TASK REQUIREMENTS. Reproduce the data that follows character for character, but omit its pictures.
** GIVEN MATERIAL follows **
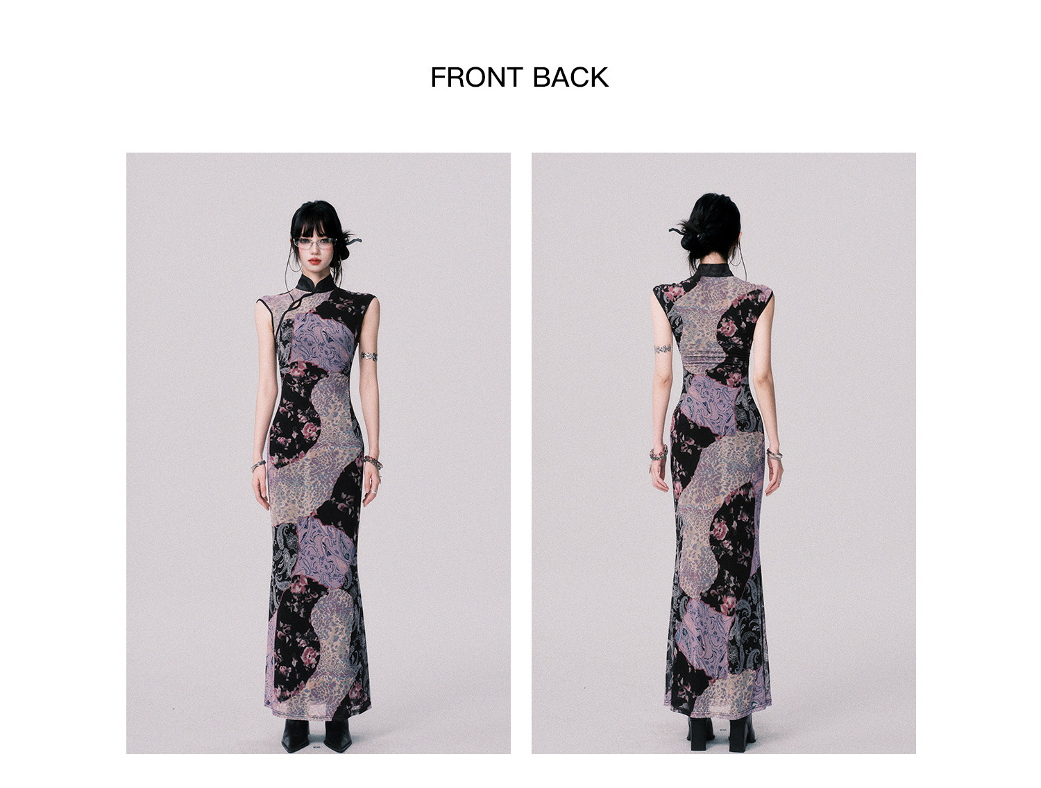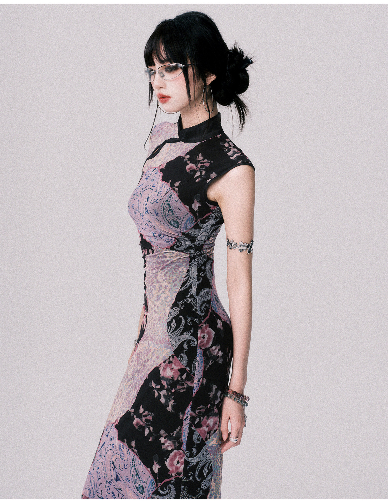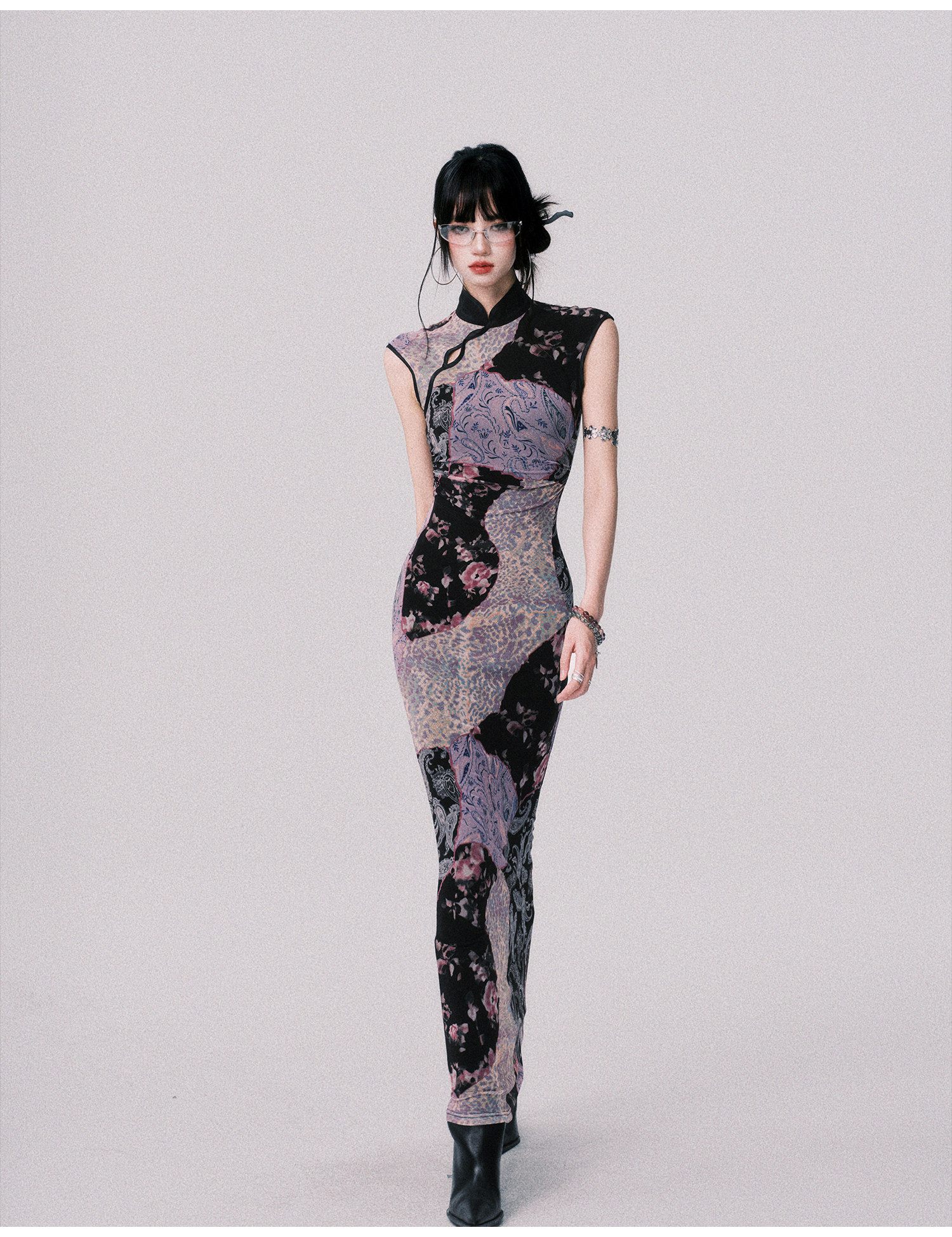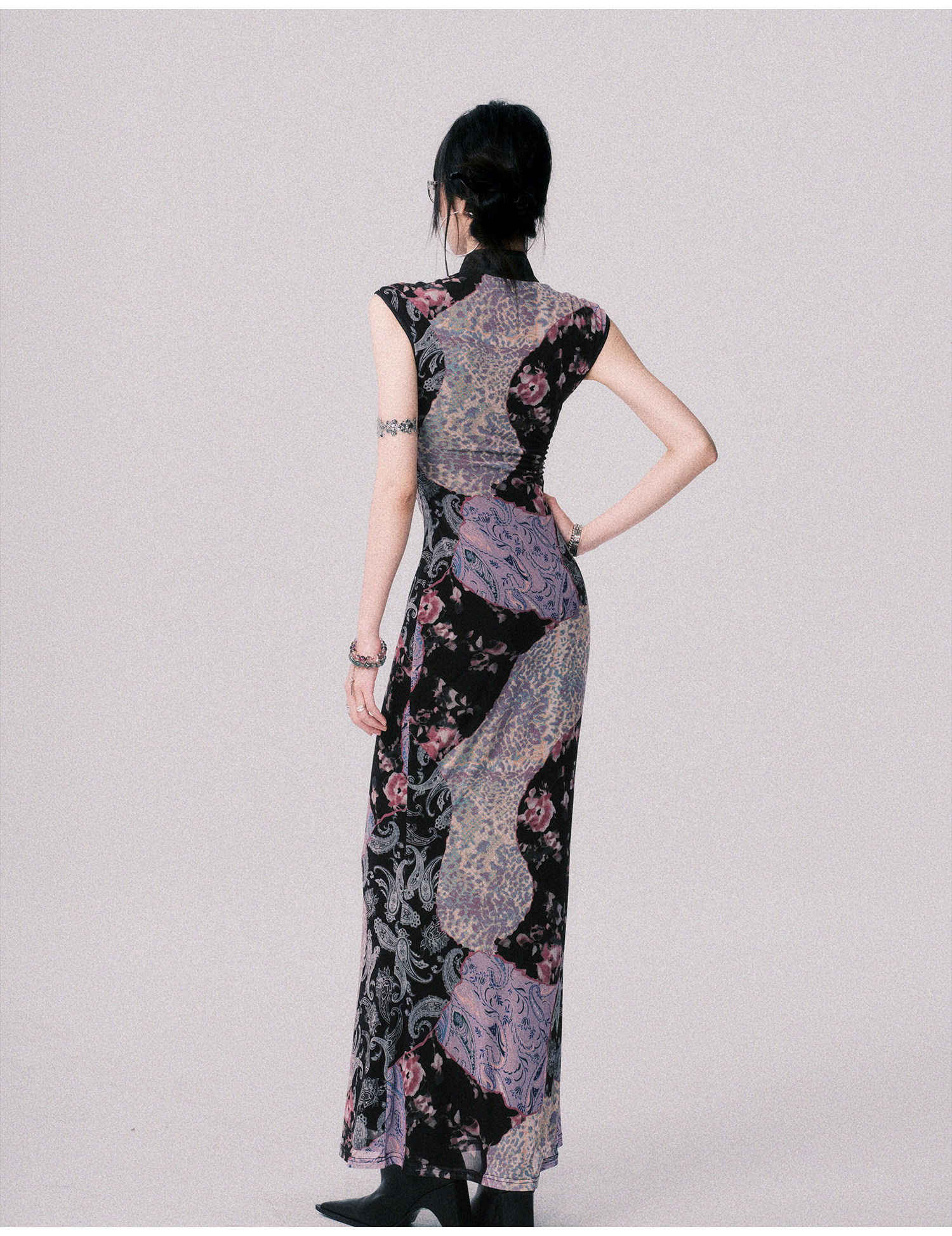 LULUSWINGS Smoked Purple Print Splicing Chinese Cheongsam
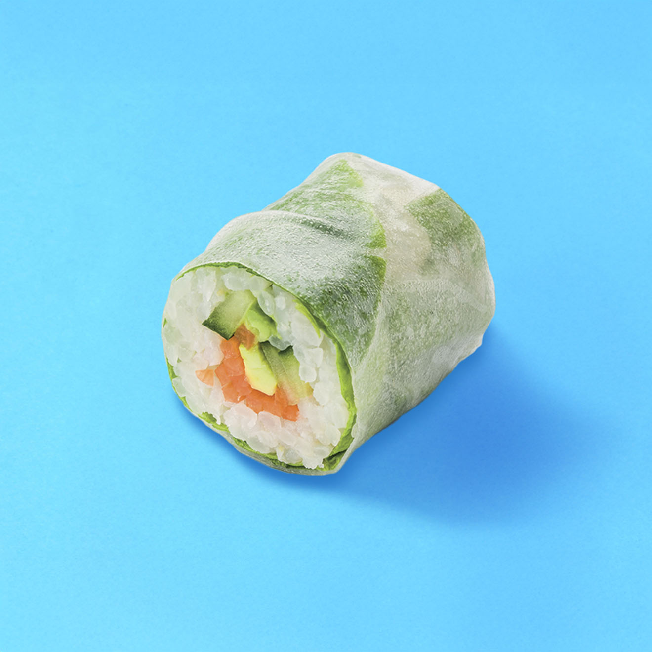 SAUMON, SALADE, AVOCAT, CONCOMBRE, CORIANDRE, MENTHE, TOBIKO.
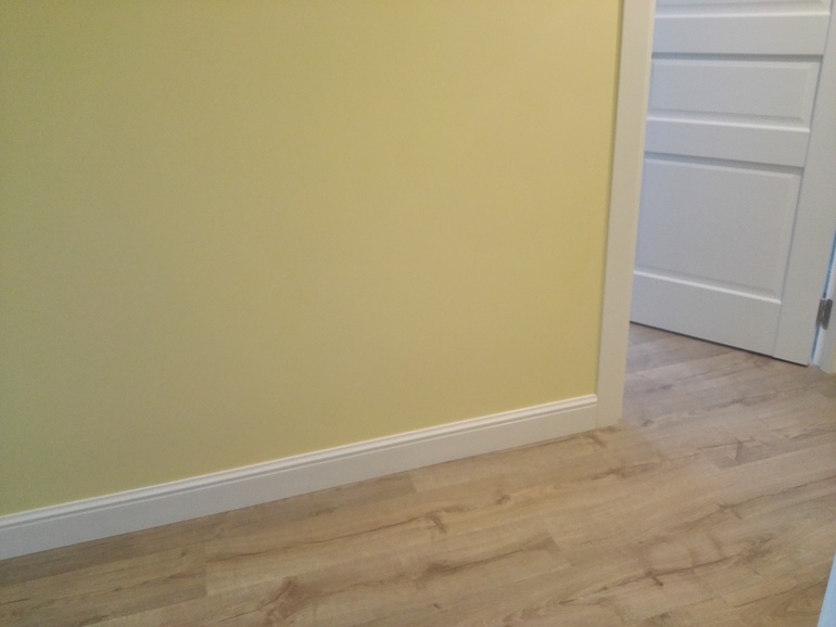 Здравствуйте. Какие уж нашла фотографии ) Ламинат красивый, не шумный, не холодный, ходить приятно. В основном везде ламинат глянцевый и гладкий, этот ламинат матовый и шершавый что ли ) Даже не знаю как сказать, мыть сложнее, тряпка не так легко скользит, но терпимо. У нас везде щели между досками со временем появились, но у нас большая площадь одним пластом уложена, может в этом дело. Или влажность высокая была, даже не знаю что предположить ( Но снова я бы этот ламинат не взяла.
** End of GIVEN MATERIAL **
ANSWER TO THE EXERCISE.
 LULUSWINGS Smoked Purple Print Splicing Chinese Cheongsam
 SAUMON, SALADE, AVOCAT, CONCOMBRE, CORIANDRE, MENTHE, TOBIKO.
 Здравствуйте. Какие уж нашла фотографии ) Ламинат красивый, не шумный, не холодный, ходить приятно. В основном везде ламинат глянцевый и гладкий, этот ламинат матовый и шершавый что ли ) Даже не знаю как сказать, мыть сложнее, тряпка не так легко скользит, но терпимо. У нас везде щели между досками со временем появились, но у нас большая площадь одним пластом уложена, может в этом дело. Или влажность высокая была, даже не знаю что предположить ( Но снова я бы этот ламинат не взяла.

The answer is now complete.